Training a language model

spaCy expects that common words will be cached in a Vocab instance. The vocabulary caches lexical features, and makes it easy to use information from unlabelled text samples in your models. Specifically, you'll usually want to collect word frequencies, and train word vectors. To generate the word frequencies from a large, raw corpus, you can use the word_freqs.py script from the spaCy developer resources.

Note that your corpus should not be preprocessed (i.e. you need punctuation for example). The word frequencies should be generated as a tab-separated file with three columns:

  1. The number of times the word occurred in your language sample.
  2. The number of distinct documents the word occurred in.
  3. The word itself.

es_word_freqs.txt

6361109 111 Aunque 23598543 111 aunque 10097056 111 claro 193454 111 aro 7711123 111 viene 12812323 111 mal 23414636 111 momento 2014580 111 felicidad 233865 111 repleto 15527 111 eto 235565 111 deliciosos 17259079 111 buena 71155 111 Anímate 37705 111 anímate 33155 111 cuéntanos 2389171 111 cuál 961576 111 típico

You should make sure you use the spaCy tokenizer for your language to segment the text for your word frequencies. This will ensure that the frequencies refer to the same segmentation standards you'll be using at run-time. For instance, spaCy's English tokenizer segments "can't" into two tokens. If we segmented the text by whitespace to produce the frequency counts, we'll have incorrect frequency counts for the tokens "ca" and "n't".

Training the word vectors

Word2vec and related algorithms let you train useful word similarity models from unlabelled text. This is a key part of using deep learning for NLP with limited labelled data. The vectors are also useful by themselves – they power the .similarity() methods in spaCy. For best results, you should pre-process the text with spaCy before training the Word2vec model. This ensures your tokenization will match. You can use our word vectors training script , which pre-processes the text with your language-specific tokenizer and trains the model using Gensim. The vectors.bin file should consist of one word and vector per line.
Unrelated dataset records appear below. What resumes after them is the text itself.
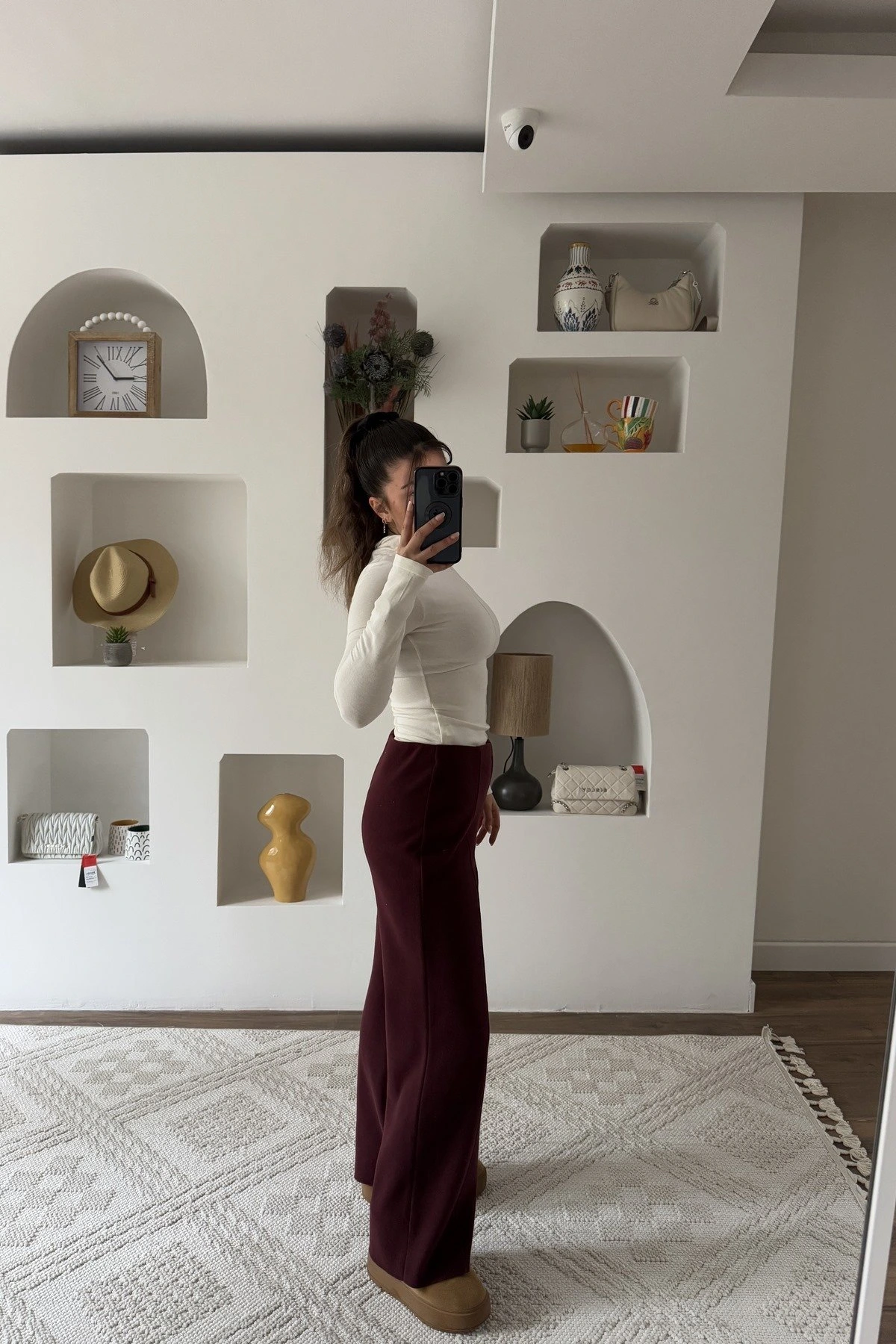 ÖN DİKİŞ SELANİK ÖRGÜ BEL LASTİK PAMUK PANTOLON – BORDO
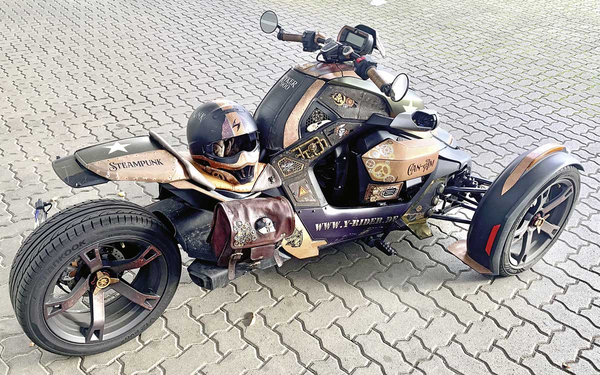 Mit dem Mapping und der Gasgriffbox konnte die Beschleunigung von 0–100 km/h um mehr als eine Sekunde, auf ca. 4,5 sec. verringert werden. Hinzu kamen im Laufe der Jahre einige Modding-Parts, die ich im 3D-Druck und mit speziellen Folien herstelle und über meinen Shop www.y-rider.de vertreibe. Hier findet jeder RYKER-Fan Teile, mit denen er sein Fun-Bike individualisieren kann. Alle Teile und Decals werden von mir entworfen und hergestellt. Auf Wunsch erstelle ich auch komplette Themen-Designs nach den Vorstellungen meiner Kunden. Einige Y-Rider-Ryker laufen mittlerweile in Kanada, Frankreich, den USA, Belgien und natürlich in Deutschland. Vor kurzem habe ich das Sortiment um den Bereich Mode erweitert Unter dem Lable „Let’s Ryke“ findet man bei mir nun auch T-Shirts und vieles mehr, mit Ryker-Motiven.
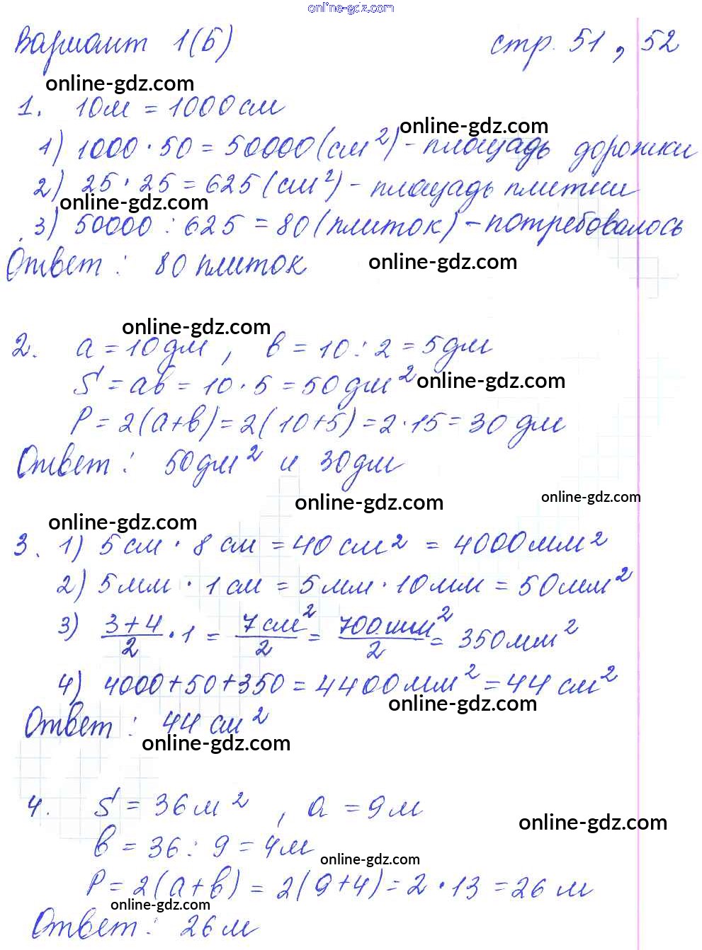 Готовые домашние задания по Математике за 4 класс Тетрадь для самостоятельной работы Самсонова УМК 2011 - Часть 2. Страницы 51-52

Training the tagger and parser

You can now train the model using a corpus for your language annotated with Universal Dependencies. If your corpus uses the CoNLL-U format, i.e. files with the extension .conllu, you can use the convert command to convert it to spaCy's JSON format for training. Once you have your UD corpus transformed into JSON, you can train your model use the using spaCy's train command.